Dal Palatino a Cinecittà, Roma per Roma, il salto di Cesara, volto iconico del Tg5, di cui è vicedirettrice, geograficamente sarà breve ma rappresenterà due mondi distantissimi che si uniscono in questo caso ben oltre la finestra promozionale con la quale più volte la Buonamici, proprio dall’edizione delle 20 del telegiornale, si è collegata con gli studi del GF. D’altra parte è l’anno della rivoluzione che, per una sorta di nemesi quasi naturale, deve ricollegarsi in un modo o nell’altro alla purezza delle origini, quando tutto iniziò. Era il 2000 e la conduttrice della prima pionieristica edizione del GF (non ancora vip) fu la giornalista, scrittrice ma soprattutto storica sperimentatrice Mediaset, già dagli anni Novanta, Daria Bignardi che per prima credette e propose, mettendoci la faccia, quel format internazionale che avrebbe inciso con decisione al cambiamento totale della televisione. Fino quasi a snaturarla.

ISTINTI SOCIAL
Troppo, persino per il Grande Fratello frattanto diventato Vip e preda degli isterismi e dei più bassi istinti social. Che sono tuttavia anch’essi, in un certo qual modo, figli delll’idea che la vita possa finire tutta su uno schermo. La televisione, però, resta la televisione. E Mediaset col suo amministratore delegato e primo erede di Silvio Berlusconi ha fatto la sua scelta di campo. Risollevare livello e contenuti.
Lasciando il Grande Fratello nel palinsesto di Canale 5, ma riportandolo nei confini del programma televisivo. Ecco Cesara, dunque.

Autorevole per eccellenza, numero 2 della testata giornalistica ammiraglia di Mediaset. Ma anche riconoscibile e amatissima. Pop, glam e dai tratti nobili. Così come i suoi racconti che in più occasioni si sono irrorati del sangue blu delle dinastie reali, specie di quella inglese. Memorabile la maratona in perfetto stile Mentana animata da Cesara in occasione della scomparsa e poi degli interminabili funerali della Regina Elisabetta. Così come apprezzatissima è stata anche la sua conduzione partecipe, commossa ma sempre forte di una professionalità indefessa mostrata in occasione dell’altra diretta fiume Mediaset, trasmessa a reti unificate, nelle ore della scomparsa e poi delle esequie del fondatore di Fininvest, Silvio Berlusconi.

 

TRE DONNE
Bonamici tiene botta.

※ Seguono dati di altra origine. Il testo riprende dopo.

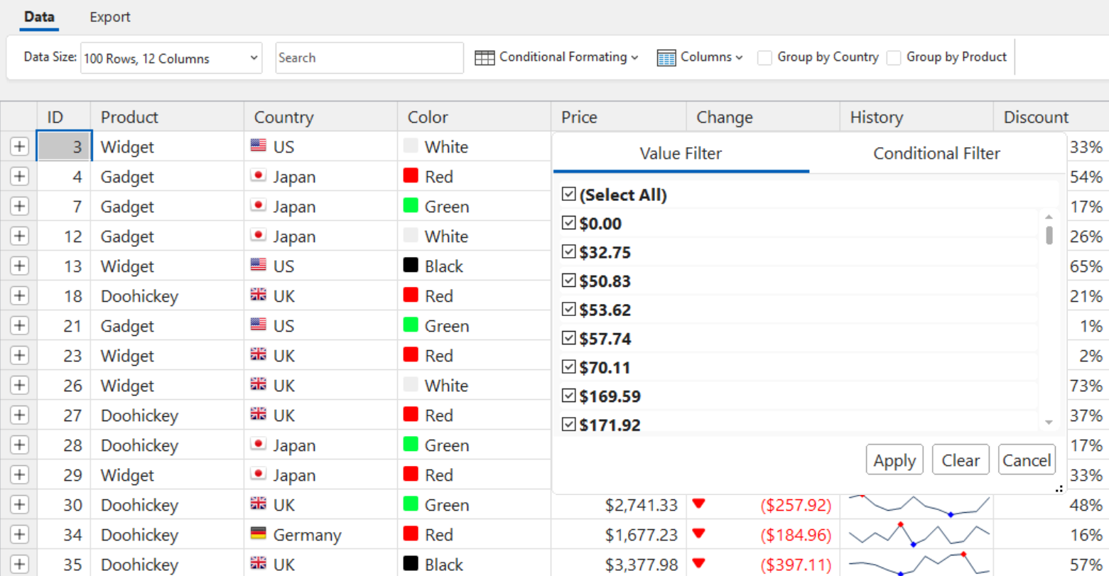 In FlexGrid, filtering can be enabled by setting the C1FlexGrid.AllowFiltering property to true. This enables the default ColumnFilter on all columns of the grid. The ColumnFilter lets the users choose from ValueFilter and ConditionFilter at runtime.
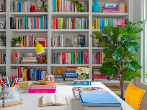 Creative Flare: White Study Table with Colorful Book Highlights
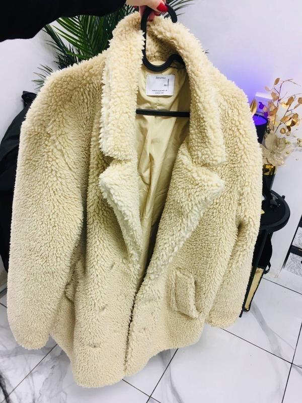 Актуальная песочная оверсайз шубка тедди от bershka Крой объёмный оверсайз, стильный тедди мех, на рост 165-167 будет выше колена, на гладкой подкладке. Под свитер можно носить зимой на минус. Состояние идеальное, актуальная брендовая вещь ✨ Отправка 1-2 дня с момента оплаты заказа, удобным для вас способом доставки ☺️ Полуобхват груди 60 Длина от плеча 80 Рукав 64 М/л
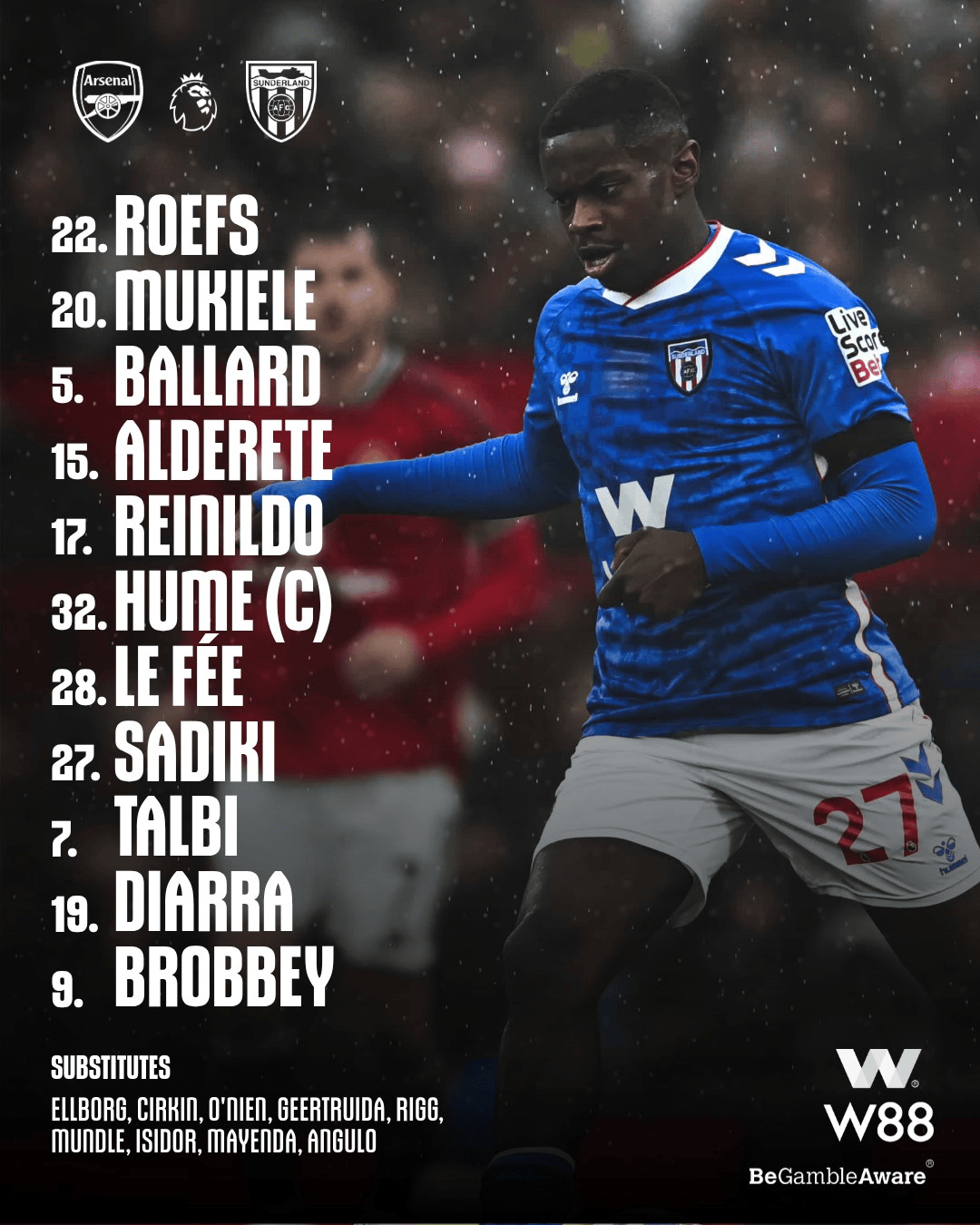 剑南春首发-阿森纳vs桑德兰:哲凯赖什替补,厄德高缺阵
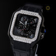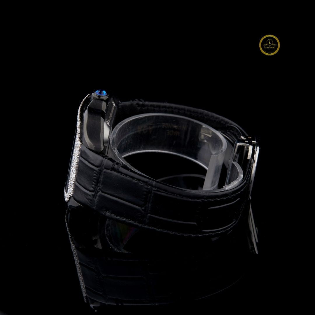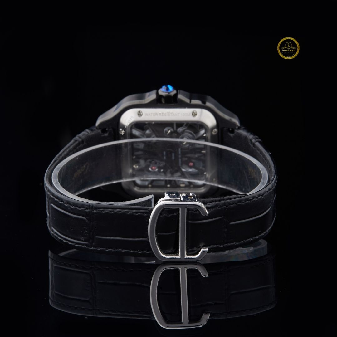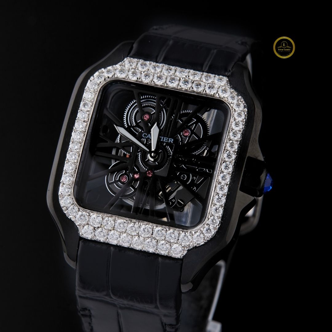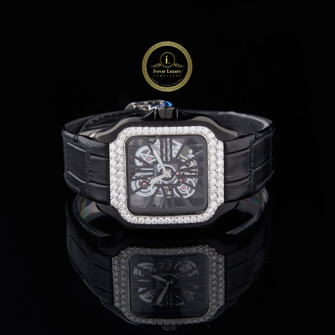 This watch is a true statement piece — the square case outlined with dazzling stones adds a luxurious edge, while the skeleton dial showcases intricate mechanics for a modern, powerful look. The black leather strap enhances its bold aesthetic, making it perfect for someone who loves to stand out with elegance and confidence. A showstopper on any wrist! ✨🖤🕰️
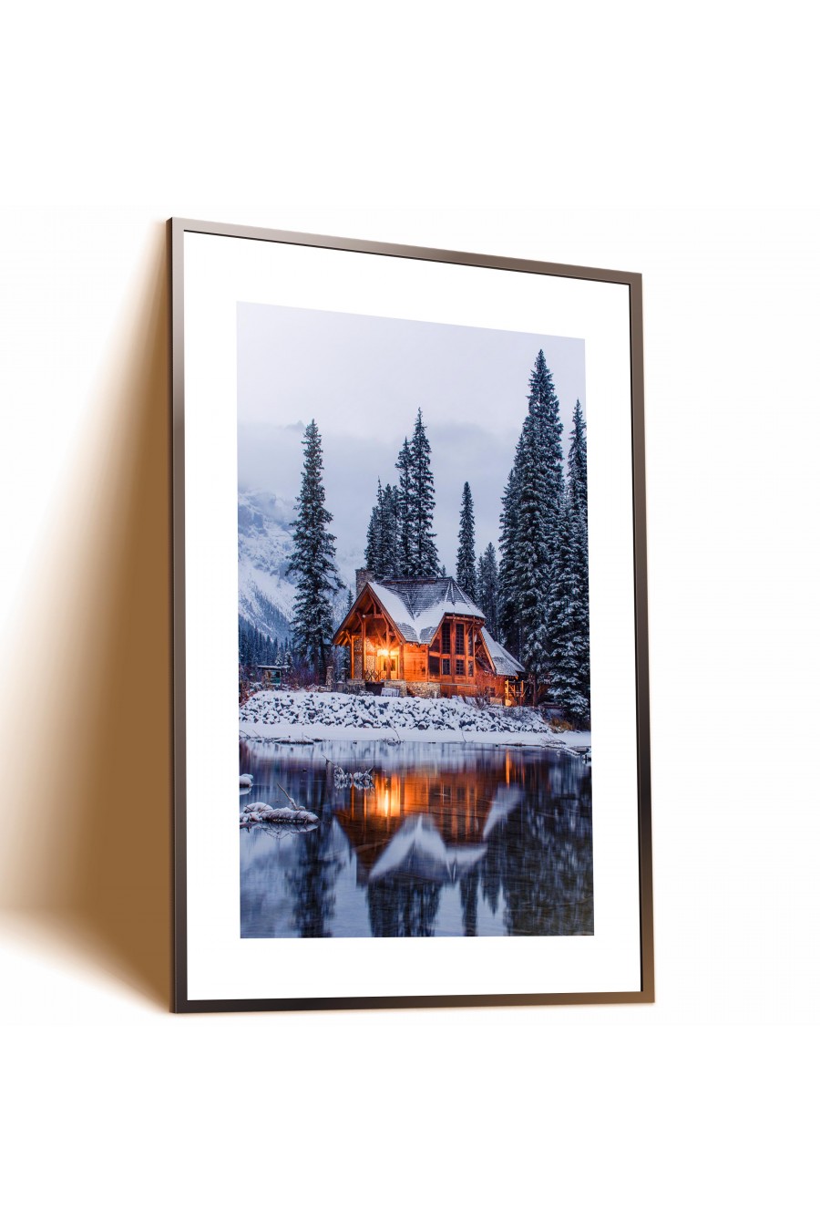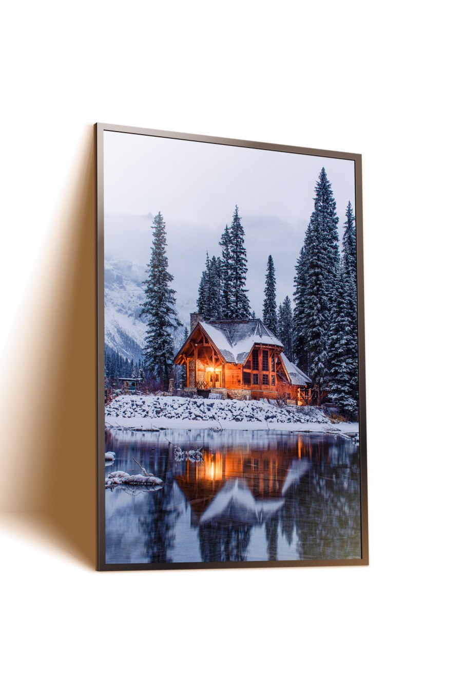 PLAKAT DEKORACYJNY ZIMOWY ŚWIĄTECZNY ŚWIĘTA ZIMA DOM ŚNIEG JEZIORO 042
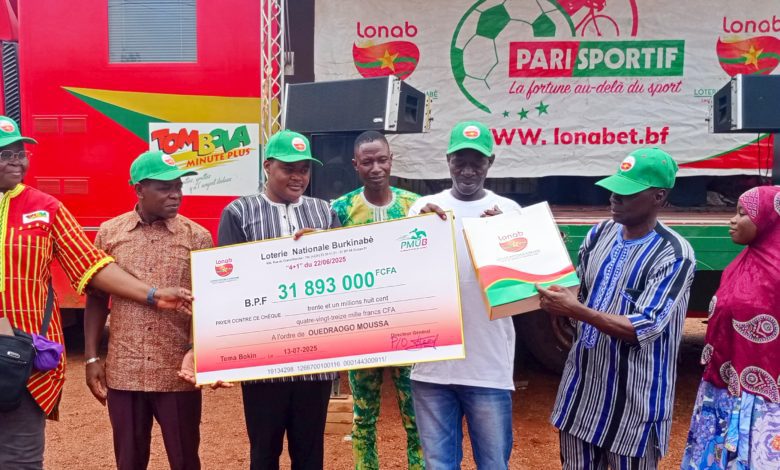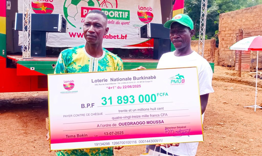 Moussa Ouédraogo, habitant de la commune de Téma Bokin, est entré en possession de son chèque de trente et un millions huit cent quatre-vingt-treize mille (31 893 000) Francs CFA émis par la Loterie Nationale Burkinabè (LONAB) pour le gain du 4+1 du 22 juin 2025. Il l’a symboliquement reçu des mains de Yamba Jean Zida, au nom du Directeur Général de la structure, le dimanche 13 juillet 2025.
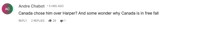 “加拿大选择了他,而不是哈珀。还有人不明白为什么这个国家正在走向衰退。”
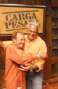 » Patrícia Pillar e Stênio Garcia gravam Carga Pesada no Rio » Veja fotos das gravaçõesEm um clima descontraído, os diretores Marcos Paulo e Roberto Naar reuniram a imprensa e o elenco de Carga Pesada, nesta quinta-feira, para falar sobre a volta de Carga Pesada. A série volta à programação da Globo no próximo dia 29, após o Casseta & Planeta, Urgente!, com quatro episódios inéditos. Antônio Fagundes e Stênio Garcia voltam a encarnar Pedro e Bino. Os atores falaram várias vezes do prazer em estar novamente gravando a série. "Carga Pesada faz parte da gente", disse Fagundes. "Até hoje, nos surpreendemos com o carinho que o público tem pela série", complementou Stênio Garcia. Embora não tenham participado dos episódios anteriores, Patrícia Pillar e Wagner Moura, que estarão lado a lado dos protagonistas nessas novas histórias, estão felizes com a participação na série da qual eram telespectadores. Para compor a personagem Rosa, uma caminhoneira que se apaixona por Pedro, Patrícia Pillar teve aulas de direção de caminhão e conversou com várias mulheres que são motoristas. "A gente não se dá conta de quantas mulheres começam a dirigir táxi, caminhão e ônibus para sobreviver", observa Patrícia. Já Wagner Moura será Pedrinho, filho de Bino e afilhado de Pedro. O ator, que brilhou em Deus é Brasileiro ao lado de Antônio Fagundes, disse que está envaidecido por estrear na TV com pessoas e se disse entrosado com a equipe. A amizade entre os caminhoneiros Pedro e Bino emocionou os telespectadores de 1979 a 1981, em 54 episódios. Na nova versão, os dois caminhoneiros continuam sócios do caminhão que usam para transportar de tudo um pouco.

Anchor-woman, letteralmente donna-ancora del Tg5 e a questo punto dell’intera Canale 5. Rete le cui sorti sembra siano davvero molto nelle mani di un network tutto femminile che collabora con la forza delle loro idee alla linea che arriva dall’ad Pier Silvio e dal direttore di rete Giancarlo Scheri. Tre donne in particolare. Maria De Filippi, Silvia Toffanin, silenziosa ma ascoltatissima compagna e consigliera di Pier Silvio, fino ad arrivare proprio alla Buonamici, signora dell’informazione e veterana della redazione del Tg5. Altre donne hanno invece subito, come è inevitabile, le scelte del nuovo corso: da Barbara D’Urso, ormai diventato un caso, a Belen, fino - per tornare nei confini gieffini di Cinecittà - alle ultime due opinioniste, Sonia Bruganelli e Orietta Berti, cassate. Con un ulteriore siluramento forse ancor più inatteso, sempre al Grande Fratello. Quello di Giulia Salemi che sarà costretta a lasciare il timone social. Croce e delizia di uno show che dovrà ripartire probabilmente proprio dalla sua narrazione. Questo sarà il compito principale dell’unica e inimitabile Buonamici. E chissà che GF sarà.